Gov.-elect Maura Healey (left) and Lt. Gov.-elect Kim Driscoll (right)

Immediately following her victory, Gov.-elect Maura Healey got to work to build her team and begin a rapid transition process to the next administration.

On Nov. 9, she announced that her running mate and current mayor of Salem, Lt. Gov.-elect Kim Driscoll, will serve as chair of her transition committee. Driscoll’s experience in local government runs deep. She has served as mayor since 2006, and she previously served on the City Council and worked as a deputy city manager in Chelsea for five years. She has been an active member of the Massachusetts Mayors Association, and served as its president in 2012.

In recent weeks, the transition committee has announced key policy committees, focused on issues such as transportation infrastructure, housing, climate change, jobs and the economy, youth and young adults, and safe and healthy communities. The committees will work to identify a “timeline for action, resources to leverage, and metrics to measure effectiveness.”

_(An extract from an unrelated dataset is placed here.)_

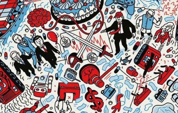 Revenind la coperta revistei, am observat și că există un grafic care pare să descrie un fel de prăbușire financiară, aflat chiar sub săbiile încrucișate. Și nu prea departe de acel grafic, se află o imagine roșie a unui simbol al dolarului rupt. În plus, în partea de jos a graficului, pare că bancnotele cad peste tot. Evident, încearcă să comunice ceva despre economia globală, și cu siguranță nu este ceva bun.

To coordinate the work of these committees, Danielle Cerny was named as the transition director. She previously served as a visiting fellow at the Rappaport Institute and recently interviewed outgoing Lt. Gov. Karyn Polito at an event discussing the successes and strategies in state-local government relations during the Baker administration’s tenure, the focus of a report written by Cerny.

As the transition work continues, the days leading up to the inauguration on Jan. 5 are expected to feature a flurry of announcements related to key posts in the new administration, including cabinet secretaries and other key staff who will prove critical to tackling the new administration’s policy priorities.

Healey is scheduled to address local officials two weeks after her inauguration, during the MMA Annual Meeting & Trade Show on Jan. 20.

Due to the change in administrations, the incoming governor is granted an additional five weeks to file her first state budget proposal, which is due on March 1.